══ TASK DATA ══

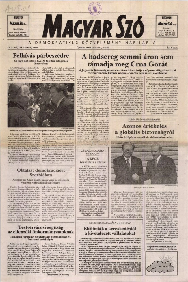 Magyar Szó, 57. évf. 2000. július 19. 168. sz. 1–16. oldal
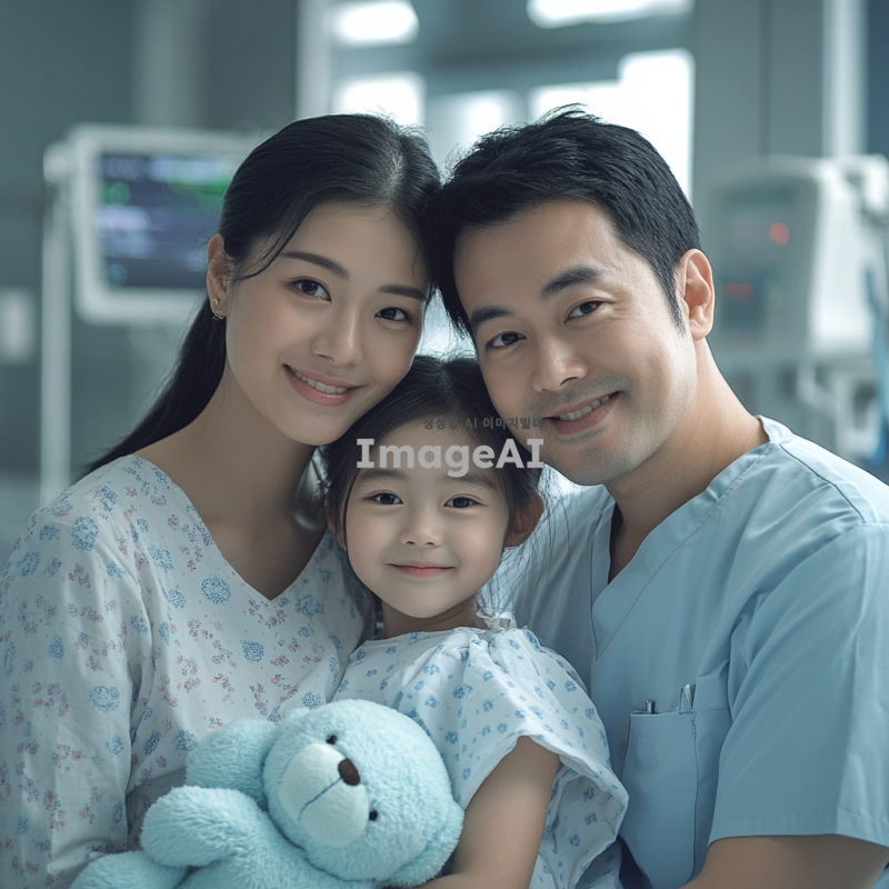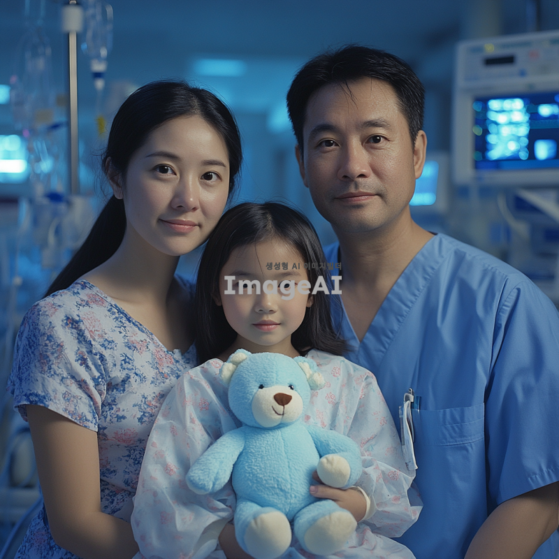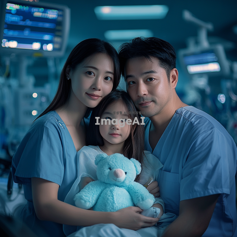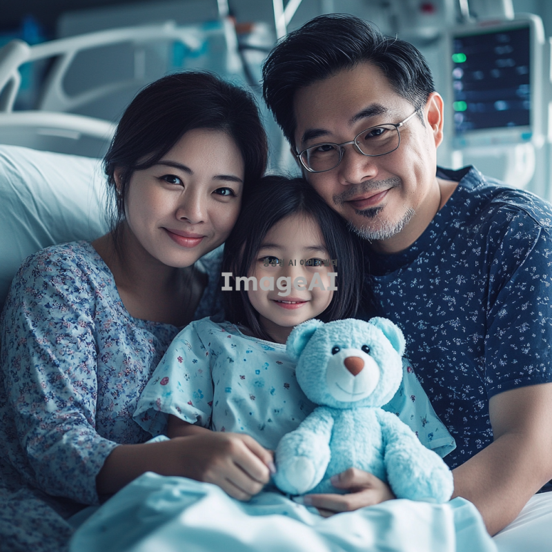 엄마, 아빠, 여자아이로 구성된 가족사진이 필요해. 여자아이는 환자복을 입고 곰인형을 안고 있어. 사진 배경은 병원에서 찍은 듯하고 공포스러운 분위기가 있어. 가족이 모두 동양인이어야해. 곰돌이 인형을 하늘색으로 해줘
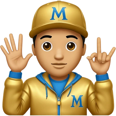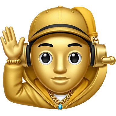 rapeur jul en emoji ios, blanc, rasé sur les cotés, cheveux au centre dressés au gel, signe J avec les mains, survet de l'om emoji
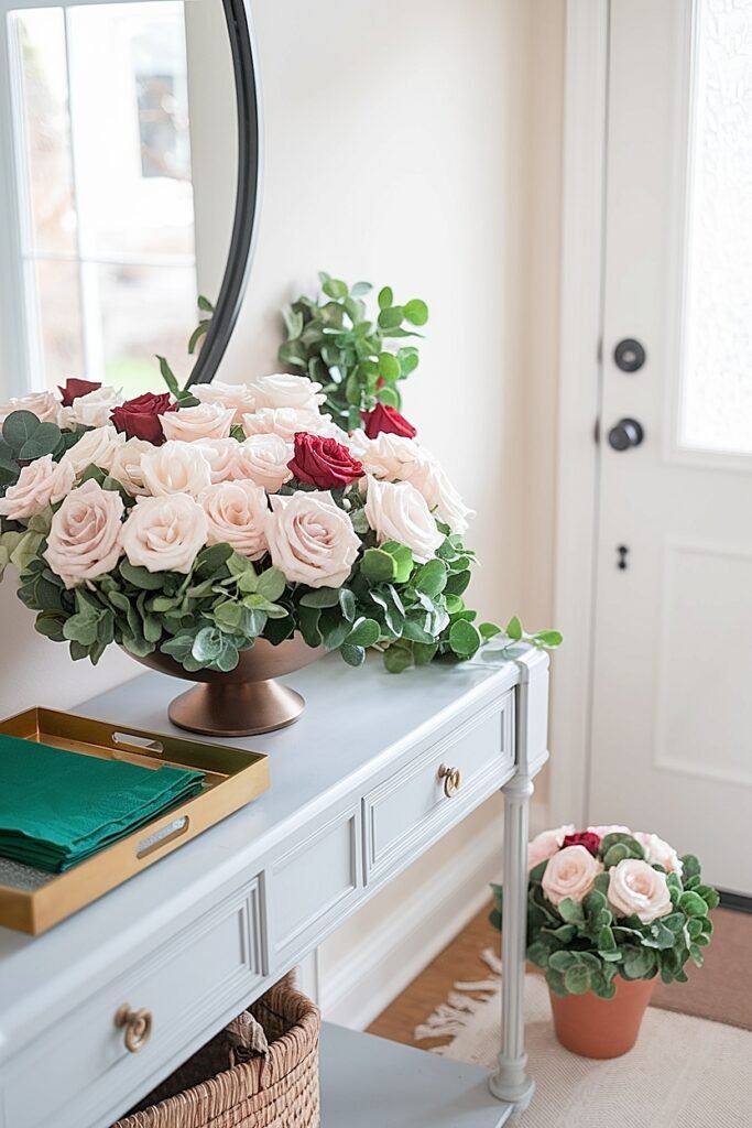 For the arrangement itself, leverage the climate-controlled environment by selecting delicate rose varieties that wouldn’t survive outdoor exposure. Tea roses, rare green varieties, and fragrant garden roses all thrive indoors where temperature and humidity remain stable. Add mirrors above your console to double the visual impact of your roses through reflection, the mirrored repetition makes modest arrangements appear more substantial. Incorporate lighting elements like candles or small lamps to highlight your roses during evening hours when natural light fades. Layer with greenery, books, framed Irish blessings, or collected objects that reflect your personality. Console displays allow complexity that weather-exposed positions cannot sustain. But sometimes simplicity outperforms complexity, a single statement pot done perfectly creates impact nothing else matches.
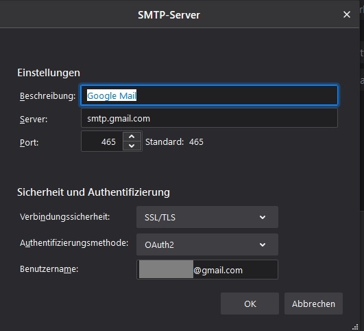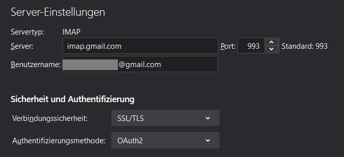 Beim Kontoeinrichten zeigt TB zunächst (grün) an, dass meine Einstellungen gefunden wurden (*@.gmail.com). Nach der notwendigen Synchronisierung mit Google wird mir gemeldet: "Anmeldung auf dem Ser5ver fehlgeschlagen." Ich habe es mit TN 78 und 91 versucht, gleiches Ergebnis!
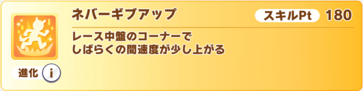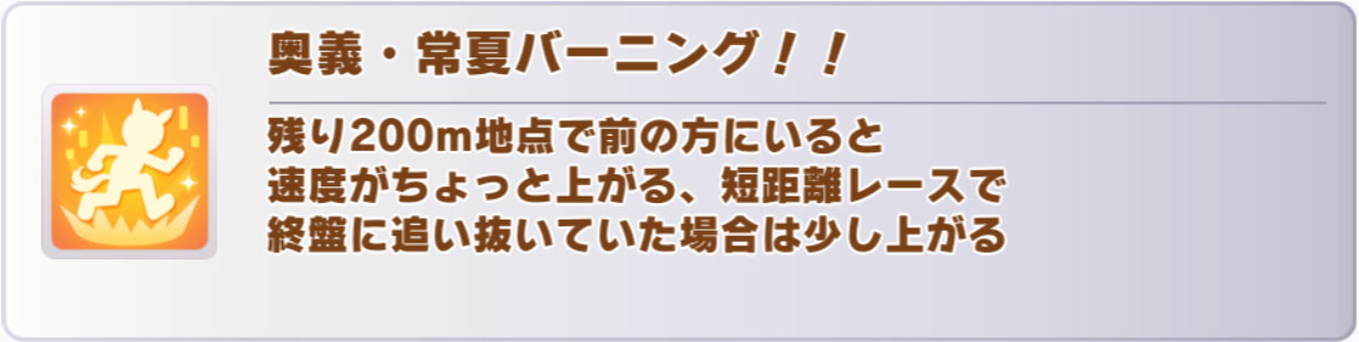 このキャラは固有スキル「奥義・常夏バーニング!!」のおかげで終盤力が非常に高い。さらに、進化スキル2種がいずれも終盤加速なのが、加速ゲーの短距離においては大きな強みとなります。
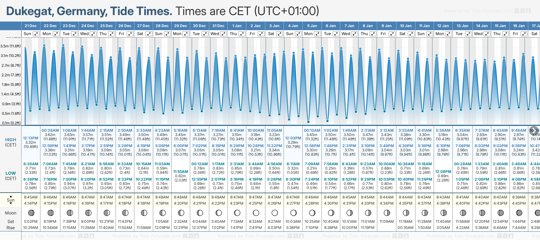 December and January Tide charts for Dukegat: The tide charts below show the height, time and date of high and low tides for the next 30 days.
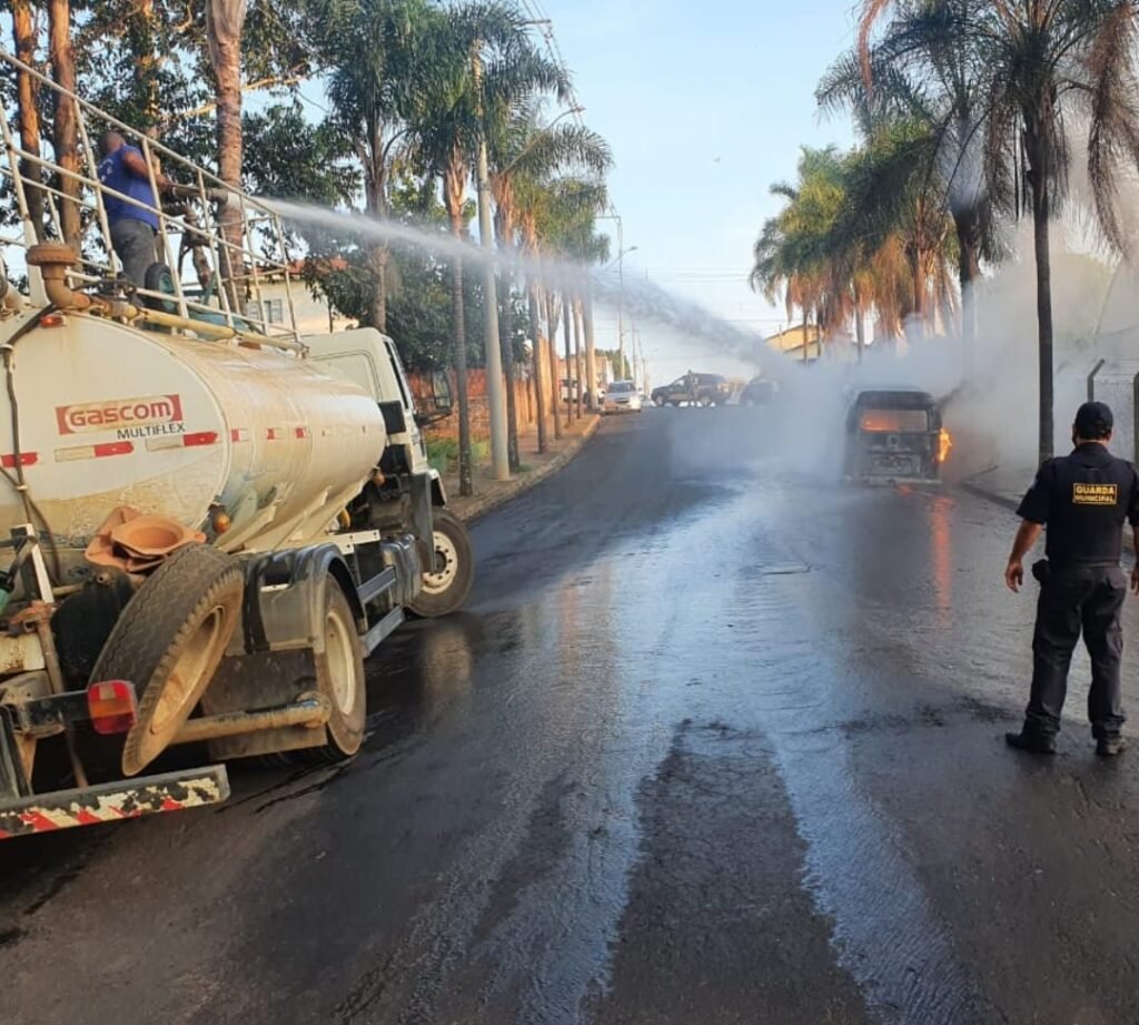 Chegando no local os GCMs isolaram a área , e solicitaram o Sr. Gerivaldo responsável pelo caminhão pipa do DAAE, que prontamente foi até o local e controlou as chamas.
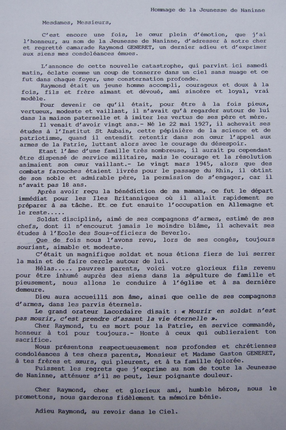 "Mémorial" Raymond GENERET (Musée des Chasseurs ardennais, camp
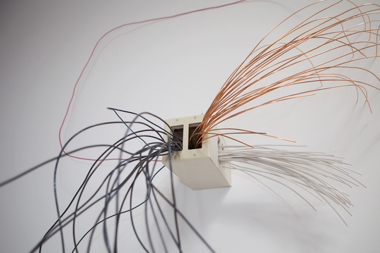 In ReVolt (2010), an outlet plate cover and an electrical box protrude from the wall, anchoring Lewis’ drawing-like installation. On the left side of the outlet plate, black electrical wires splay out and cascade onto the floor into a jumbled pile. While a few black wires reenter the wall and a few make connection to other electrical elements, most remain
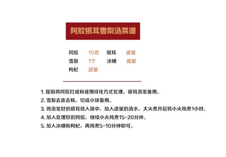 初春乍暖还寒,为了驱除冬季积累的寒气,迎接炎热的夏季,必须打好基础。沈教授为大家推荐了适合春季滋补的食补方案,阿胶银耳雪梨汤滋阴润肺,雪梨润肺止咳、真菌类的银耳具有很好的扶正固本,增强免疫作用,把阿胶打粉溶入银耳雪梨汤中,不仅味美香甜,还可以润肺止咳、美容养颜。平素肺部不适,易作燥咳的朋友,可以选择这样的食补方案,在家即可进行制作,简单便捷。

═══

• _AIM OF THE TASK_:
Give the data back exactly, omitting all pictures.

• _RESPONSE TO THIS TASK_:
 Magyar Szó, 57. évf. 2000. július 19. 168. sz. 1–16. oldal
 엄마, 아빠, 여자아이로 구성된 가족사진이 필요해. 여자아이는 환자복을 입고 곰인형을 안고 있어. 사진 배경은 병원에서 찍은 듯하고 공포스러운 분위기가 있어. 가족이 모두 동양인이어야해. 곰돌이 인형을 하늘색으로 해줘
 rapeur jul en emoji ios, blanc, rasé sur les cotés, cheveux au centre dressés au gel, signe J avec les mains, survet de l'om emoji
 For the arrangement itself, leverage the climate-controlled environment by selecting delicate rose varieties that wouldn’t survive outdoor exposure. Tea roses, rare green varieties, and fragrant garden roses all thrive indoors where temperature and humidity remain stable. Add mirrors above your console to double the visual impact of your roses through reflection, the mirrored repetition makes modest arrangements appear more substantial. Incorporate lighting elements like candles or small lamps to highlight your roses during evening hours when natural light fades. Layer with greenery, books, framed Irish blessings, or collected objects that reflect your personality. Console displays allow complexity that weather-exposed positions cannot sustain. But sometimes simplicity outperforms complexity, a single statement pot done perfectly creates impact nothing else matches.
 Beim Kontoeinrichten zeigt TB zunächst (grün) an, dass meine Einstellungen gefunden wurden (*@.gmail.com). Nach der notwendigen Synchronisierung mit Google wird mir gemeldet: "Anmeldung auf dem Ser5ver fehlgeschlagen." Ich habe es mit TN 78 und 91 versucht, gleiches Ergebnis!
 このキャラは固有スキル「奥義・常夏バーニング!!」のおかげで終盤力が非常に高い。さらに、進化スキル2種がいずれも終盤加速なのが、加速ゲーの短距離においては大きな強みとなります。
 December and January Tide charts for Dukegat: The tide charts below show the height, time and date of high and low tides for the next 30 days.
 Chegando no local os GCMs isolaram a área , e solicitaram o Sr. Gerivaldo responsável pelo caminhão pipa do DAAE, que prontamente foi até o local e controlou as chamas.
 "Mémorial" Raymond GENERET (Musée des Chasseurs ardennais, camp
 In ReVolt (2010), an outlet plate cover and an electrical box protrude from the wall, anchoring Lewis’ drawing-like installation. On the left side of the outlet plate, black electrical wires splay out and cascade onto the floor into a jumbled pile. While a few black wires reenter the wall and a few make connection to other electrical elements, most remain
 初春乍暖还寒,为了驱除冬季积累的寒气,迎接炎热的夏季,必须打好基础。沈教授为大家推荐了适合春季滋补的食补方案,阿胶银耳雪梨汤滋阴润肺,雪梨润肺止咳、真菌类的银耳具有很好的扶正固本,增强免疫作用,把阿胶打粉溶入银耳雪梨汤中,不仅味美香甜,还可以润肺止咳、美容养颜。平素肺部不适,易作燥咳的朋友,可以选择这样的食补方案,在家即可进行制作,简单便捷。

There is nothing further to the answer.